Now one of the suggestions from Thursday nights meeting besides dig out the multimeter was to try hunting for shorts in the dark as sparks are easier to see. As I went in for further testing I forgot to turn the light on and so the room was a little gloomy. This proved to be a benefit, because as soon as I moved the bogie on it’s own, I noted a spark which I wouldn’t have seen with the light on. I noted that the guard irons were quite close to the rails and may have caused shorts on curves so they were adjusted and then further examination showed that I had fallen foul of the etched washer/hub insulation again. A further check of the trailing tuck revealed the same issue. I had a few spare insulated washers that I had turned when working on the tender but they proved to be too thick even after turning/milling down the axle bushes.
I was initially going to make some up by using a hole punch to cut holes in some styrene sheet and then snip of /file them into circles. By good fortune a video that I had seen some time ago that was lurking in my memory surfaced on my Youtube feed. After rewatching it I decided to have a go at pressure turning a number of washers all at once.
Now unless you want really big washers the process is a little wasteful because you need enough stock to hold onto to drill the centre hole. I chose to cut some 0.5mm styrene sheet into 20mm x 20mm squares aiming for a finished size of 10mm diameter. You also need some scrap to hold the parts and one of them becomes almost sacrificial.
The first step is to grip the styrene squares between the two pieces of scrap material.
I used a 1″ G clamp and a small engineers clamp to hold them all together to drill a 5mm hole through all the parts. This was to allow clearance on the 3/16 (4.7mm) axles. At this point you transfer the whole set up to the lathe before releasing the clamps.
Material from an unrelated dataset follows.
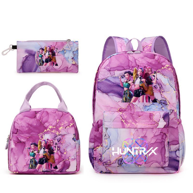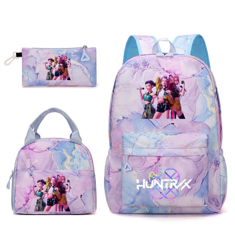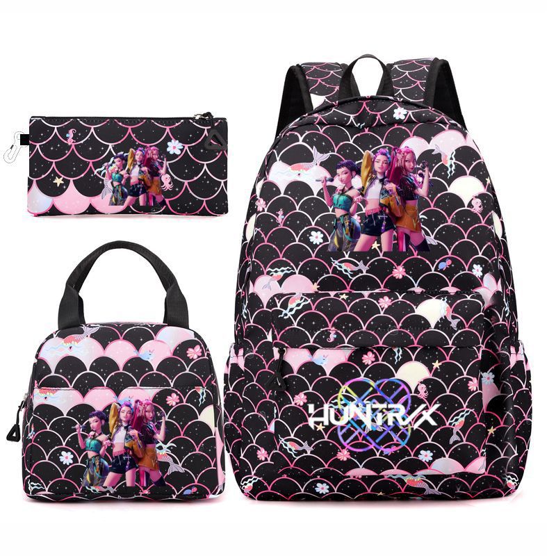 Monster Hunt Team's new student backpack and women's backpack three piece set, fashionable printing trend, Amazon cross-border foreign trade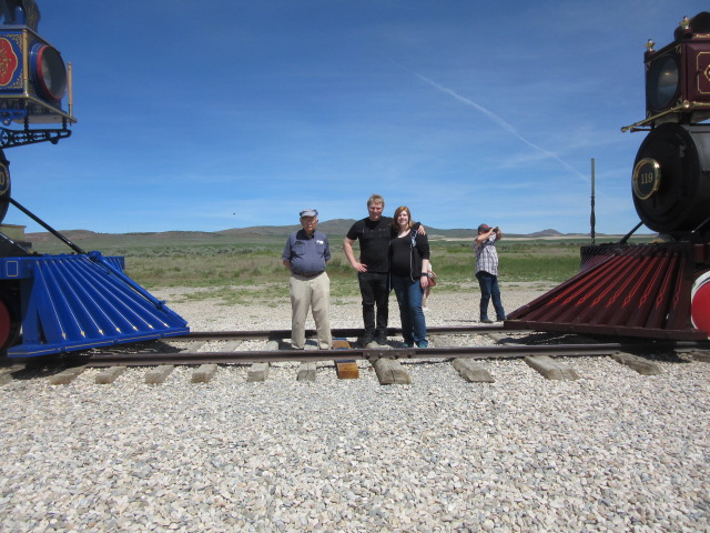 John always fanned whatever interest our family had in trains. When great nephew CJ heard we were going to Promontory, he and Lauren took the day off to drive us there. If you remember, in 1862 President Lincoln signed the legislation to build a transcontinental railroad. I remembered because John was telling me about it on a need-to-know basis. The Union Pacific started laying track in Omaha, Nebraska going west, and Central Pacific began in California going east. When they met, there was a Golden Spike ceremony celebrating the completion of a rail line going from coast to coast. Below is a photo taken that day in 1869.

I created the above set up which consists of a 22mm piece of Delrin in the collet (I had to turn a stub down to fit in a 16mm collet which is the largest ER25 collet that I have). This had a 5mm hole drill partially through it. At the tailstock end is another piece of 22mm Delrin which has had a 60 degree cone turned in the back so that it fits on a live centre then a short section turned down to 10mm to allow the tool to clear the workpiece(s) again it has a 5mm hole through it. Then a length of 3/6 rod was passed into the hole in the mandrel in the collet chuck and the parts fed onto it, before removing the clamps. Lastly the live centre is wound tightly against the parts which squash and grip all the parts for turning and locked.
The next step was to turn down the sacrificial scrap support until all the parts start to be turned. My sacrificial scrap was plastic which has a layer of aluminium either side of it and I found that the most depth of cut I could manage was 0.25mm per pass otherwise the parts started to slip. I started turning with a carbide tipped bit until it would no longer fit, then I changed to high speed steel grooving tool that I had ground for another job some time ago.
One piece of advice given in the video was to make sure that you were using a sharp tool for the final pass to help prevent the tool from rolling the edges of one part over onto the next.
These are the finished parts and they are all really crisp, aside from the one that was nearest the left hand piece of scrap which had a small burr around the edge (visible at the corner of the ruler). This burr was easily scraped off with a scalpel blade.